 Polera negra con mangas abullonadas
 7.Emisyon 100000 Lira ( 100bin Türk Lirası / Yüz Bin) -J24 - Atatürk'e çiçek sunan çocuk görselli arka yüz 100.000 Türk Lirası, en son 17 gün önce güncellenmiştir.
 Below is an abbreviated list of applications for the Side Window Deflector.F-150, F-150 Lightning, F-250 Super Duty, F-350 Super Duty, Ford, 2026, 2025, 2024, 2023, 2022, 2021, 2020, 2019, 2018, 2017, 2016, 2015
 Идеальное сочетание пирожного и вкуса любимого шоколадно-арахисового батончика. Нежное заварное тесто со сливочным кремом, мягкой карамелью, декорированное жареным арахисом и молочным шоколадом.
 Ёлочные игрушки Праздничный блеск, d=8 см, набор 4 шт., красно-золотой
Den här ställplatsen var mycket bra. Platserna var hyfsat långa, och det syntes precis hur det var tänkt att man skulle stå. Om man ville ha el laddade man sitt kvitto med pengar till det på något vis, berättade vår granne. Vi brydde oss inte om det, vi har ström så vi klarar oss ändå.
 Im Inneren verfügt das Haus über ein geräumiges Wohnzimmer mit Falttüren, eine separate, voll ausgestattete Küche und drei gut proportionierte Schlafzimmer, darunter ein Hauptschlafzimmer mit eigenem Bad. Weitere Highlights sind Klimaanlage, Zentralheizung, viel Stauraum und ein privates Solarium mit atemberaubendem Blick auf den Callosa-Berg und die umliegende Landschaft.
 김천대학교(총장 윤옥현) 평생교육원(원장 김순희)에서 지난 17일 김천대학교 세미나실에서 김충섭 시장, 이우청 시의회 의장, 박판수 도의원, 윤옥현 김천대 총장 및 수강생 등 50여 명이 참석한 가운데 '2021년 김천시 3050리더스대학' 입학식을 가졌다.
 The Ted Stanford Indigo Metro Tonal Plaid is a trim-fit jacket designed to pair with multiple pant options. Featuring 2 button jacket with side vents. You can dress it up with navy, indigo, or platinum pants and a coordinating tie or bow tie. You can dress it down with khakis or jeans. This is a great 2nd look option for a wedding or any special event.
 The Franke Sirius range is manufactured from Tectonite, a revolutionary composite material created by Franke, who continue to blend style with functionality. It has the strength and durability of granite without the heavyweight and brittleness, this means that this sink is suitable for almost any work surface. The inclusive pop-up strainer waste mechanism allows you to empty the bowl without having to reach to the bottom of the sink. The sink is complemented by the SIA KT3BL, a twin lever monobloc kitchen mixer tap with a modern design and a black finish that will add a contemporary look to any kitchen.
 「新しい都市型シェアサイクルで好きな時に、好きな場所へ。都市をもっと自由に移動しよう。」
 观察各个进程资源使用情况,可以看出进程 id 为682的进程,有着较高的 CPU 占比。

# # # # # # #

**Problem to solve:**
Could you retype all of the entries, leaving every character unchanged?

**Exercise result:**
 Polera negra con mangas abullonadas
 7.Emisyon 100000 Lira ( 100bin Türk Lirası / Yüz Bin) -J24 - Atatürk'e çiçek sunan çocuk görselli arka yüz 100.000 Türk Lirası, en son 17 gün önce güncellenmiştir.
 Below is an abbreviated list of applications for the Side Window Deflector.F-150, F-150 Lightning, F-250 Super Duty, F-350 Super Duty, Ford, 2026, 2025, 2024, 2023, 2022, 2021, 2020, 2019, 2018, 2017, 2016, 2015
 Идеальное сочетание пирожного и вкуса любимого шоколадно-арахисового батончика. Нежное заварное тесто со сливочным кремом, мягкой карамелью, декорированное жареным арахисом и молочным шоколадом.
 Ёлочные игрушки Праздничный блеск, d=8 см, набор 4 шт., красно-золотой
Den här ställplatsen var mycket bra. Platserna var hyfsat långa, och det syntes precis hur det var tänkt att man skulle stå. Om man ville ha el laddade man sitt kvitto med pengar till det på något vis, berättade vår granne. Vi brydde oss inte om det, vi har ström så vi klarar oss ändå.
 Im Inneren verfügt das Haus über ein geräumiges Wohnzimmer mit Falttüren, eine separate, voll ausgestattete Küche und drei gut proportionierte Schlafzimmer, darunter ein Hauptschlafzimmer mit eigenem Bad. Weitere Highlights sind Klimaanlage, Zentralheizung, viel Stauraum und ein privates Solarium mit atemberaubendem Blick auf den Callosa-Berg und die umliegende Landschaft.
 김천대학교(총장 윤옥현) 평생교육원(원장 김순희)에서 지난 17일 김천대학교 세미나실에서 김충섭 시장, 이우청 시의회 의장, 박판수 도의원, 윤옥현 김천대 총장 및 수강생 등 50여 명이 참석한 가운데 '2021년 김천시 3050리더스대학' 입학식을 가졌다.
 The Ted Stanford Indigo Metro Tonal Plaid is a trim-fit jacket designed to pair with multiple pant options. Featuring 2 button jacket with side vents. You can dress it up with navy, indigo, or platinum pants and a coordinating tie or bow tie. You can dress it down with khakis or jeans. This is a great 2nd look option for a wedding or any special event.
 The Franke Sirius range is manufactured from Tectonite, a revolutionary composite material created by Franke, who continue to blend style with functionality. It has the strength and durability of granite without the heavyweight and brittleness, this means that this sink is suitable for almost any work surface. The inclusive pop-up strainer waste mechanism allows you to empty the bowl without having to reach to the bottom of the sink. The sink is complemented by the SIA KT3BL, a twin lever monobloc kitchen mixer tap with a modern design and a black finish that will add a contemporary look to any kitchen.
 「新しい都市型シェアサイクルで好きな時に、好きな場所へ。都市をもっと自由に移動しよう。」
 观察各个进程资源使用情况,可以看出进程 id 为682的进程,有着较高的 CPU 占比。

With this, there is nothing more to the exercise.